Keep in mind that if you pass array to function you can manipulate it as you please and keep these changes in your main program. This is because the arrays are passed always by reference to a function.
In the end this will be your function prototype:
void ReadArrayData(int arraySize, int array[]);
CalculateArraySum will be used to calculate the sum of the array elements. The function prototype will be the same as for ReadArrayData with the difference that the returning type will be int (we return the sum).

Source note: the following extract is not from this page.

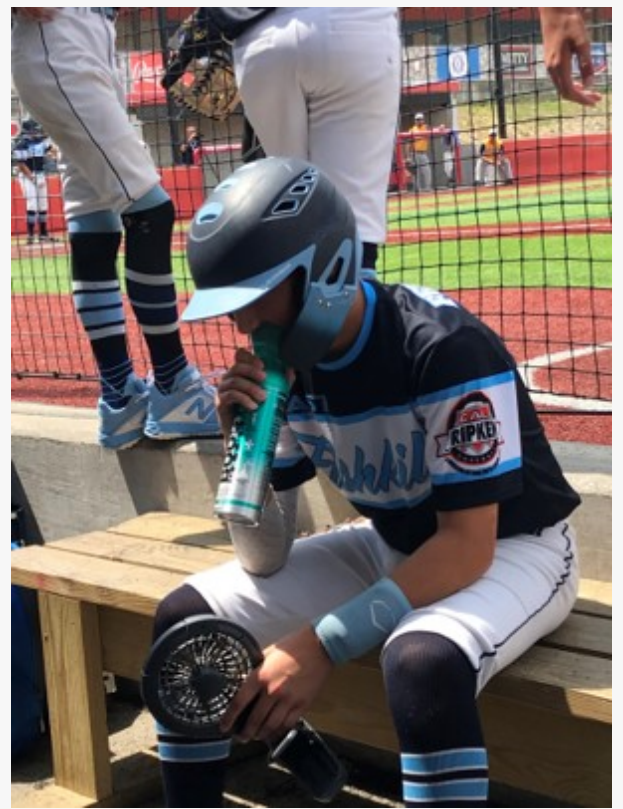
Youth baseball players from East Fishkill, NY implement Boost Oxygen while competing in the Cal Ripken World Series.

This press release can be viewed online at: https://www.einpresswire.com/article/546415199

int CalculateArraySum(int arraySize, int array[]);
3. Write your program
#include <stdio.h>
void ReadArrayData(int arraySize, int array[]);
int CalculateArraySum(int arraySize, int array[]);
int main(void) {
int N;
printf("Give the array size: ");
scanf("%d", &N);
int array[N];
ReadArrayData(N, array);
int sumOfArrayElements = CalculateArraySum(N, array);
printf("The sum of array elements is %d.\n", sumOfArrayElements);
return 0;
}
void ReadArrayData(int arraySize, int array[]) {
printf("Give %d elements: ", arraySize);
for (int i = 0; i < arraySize; ++i) {
scanf("%d", &array[i]);
}
}
int CalculateArraySum(int arraySize, int array[]) {
int sum = 0;
for (int i = 0; i < arraySize; ++i) {
sum += array[i];
}
return sum;
}
I know this was a large scaled answer, but I saw you are new to computer programing. I just wanted to present you the main functionality to solve all kinds of problems. This was just a small introduction. In the end, you have to remember what steps we take to solve a problem. With time and as you solve many problems you will learn many many other things.